## WHAT YOU HAVE TO DO
Copy out again, unchanged, the listing below from the line that has "Lively Garden Corgi" through the line that has "北交所、上交所科创板、深交所".

## RECORDS SHOWN
Segment Open
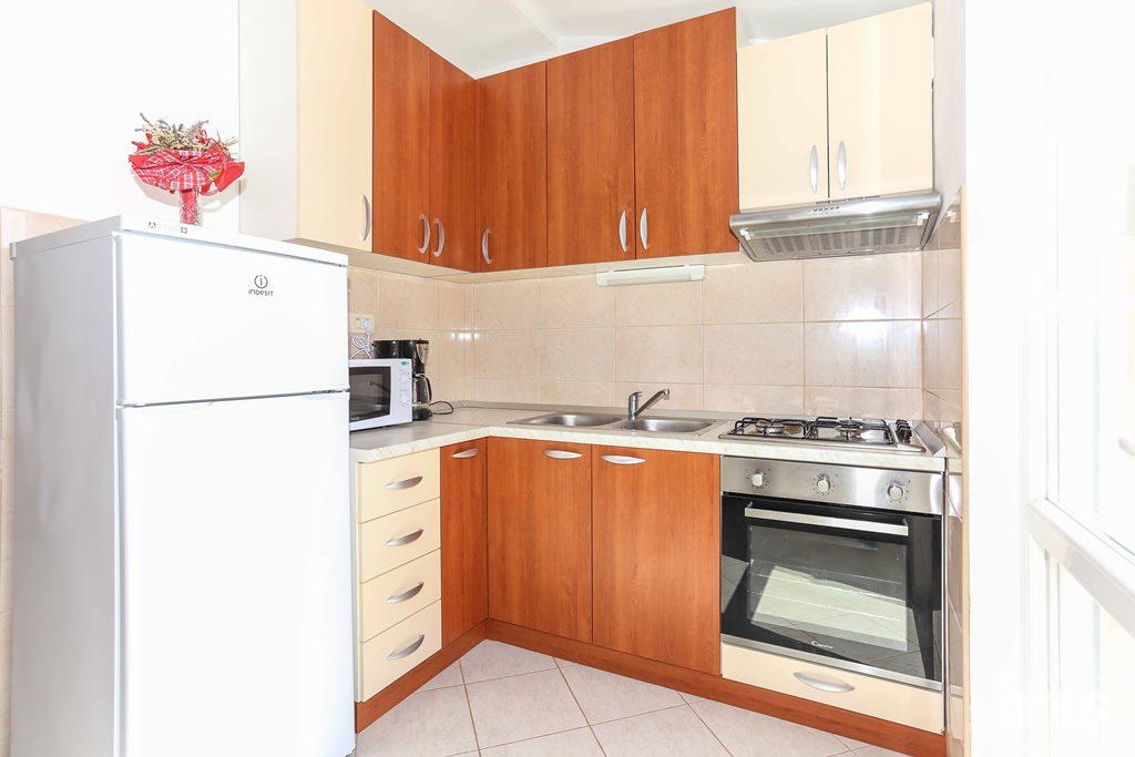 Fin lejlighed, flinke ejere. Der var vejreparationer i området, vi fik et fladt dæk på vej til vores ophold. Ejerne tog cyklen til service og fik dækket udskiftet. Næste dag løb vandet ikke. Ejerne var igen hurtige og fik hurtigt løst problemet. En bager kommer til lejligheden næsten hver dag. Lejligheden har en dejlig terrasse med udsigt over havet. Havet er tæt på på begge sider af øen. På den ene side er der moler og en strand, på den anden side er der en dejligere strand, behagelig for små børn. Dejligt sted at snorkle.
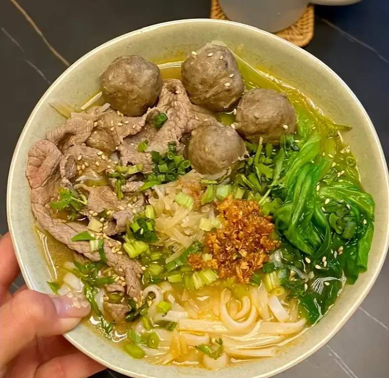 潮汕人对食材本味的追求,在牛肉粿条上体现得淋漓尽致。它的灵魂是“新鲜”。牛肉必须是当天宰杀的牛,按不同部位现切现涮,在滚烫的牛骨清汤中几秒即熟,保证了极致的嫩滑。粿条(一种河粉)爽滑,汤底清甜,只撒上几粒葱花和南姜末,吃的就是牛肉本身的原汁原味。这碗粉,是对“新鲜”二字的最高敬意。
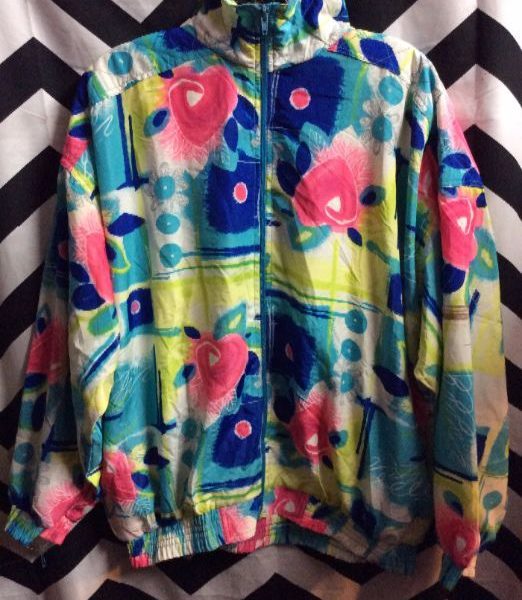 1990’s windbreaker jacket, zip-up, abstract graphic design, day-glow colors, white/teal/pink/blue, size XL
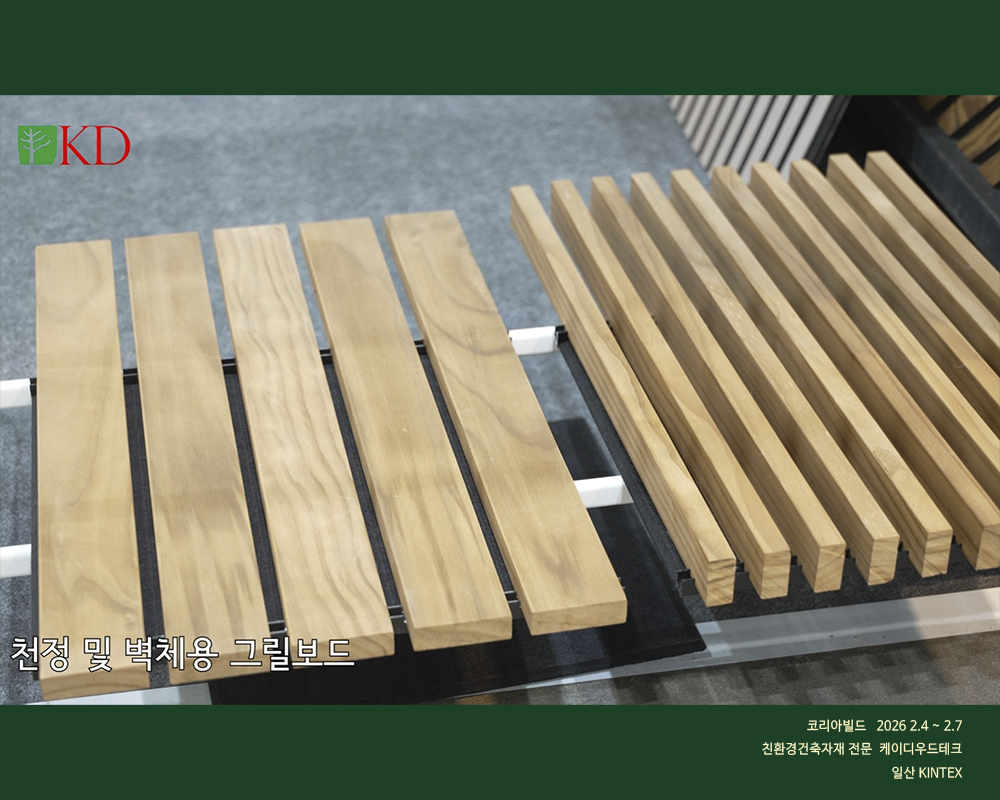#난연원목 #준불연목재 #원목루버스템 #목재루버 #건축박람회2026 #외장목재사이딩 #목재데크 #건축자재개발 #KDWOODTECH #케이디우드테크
Segment Closed
Segment Open
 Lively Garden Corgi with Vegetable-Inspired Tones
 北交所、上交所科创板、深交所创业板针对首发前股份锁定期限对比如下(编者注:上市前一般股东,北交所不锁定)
Segment Closed
## RESULT BELOW
 Lively Garden Corgi with Vegetable-Inspired Tones
 北交所、上交所科创板、深交所创业板针对首发前股份锁定期限对比如下(编者注:上市前一般股东,北交所不锁定)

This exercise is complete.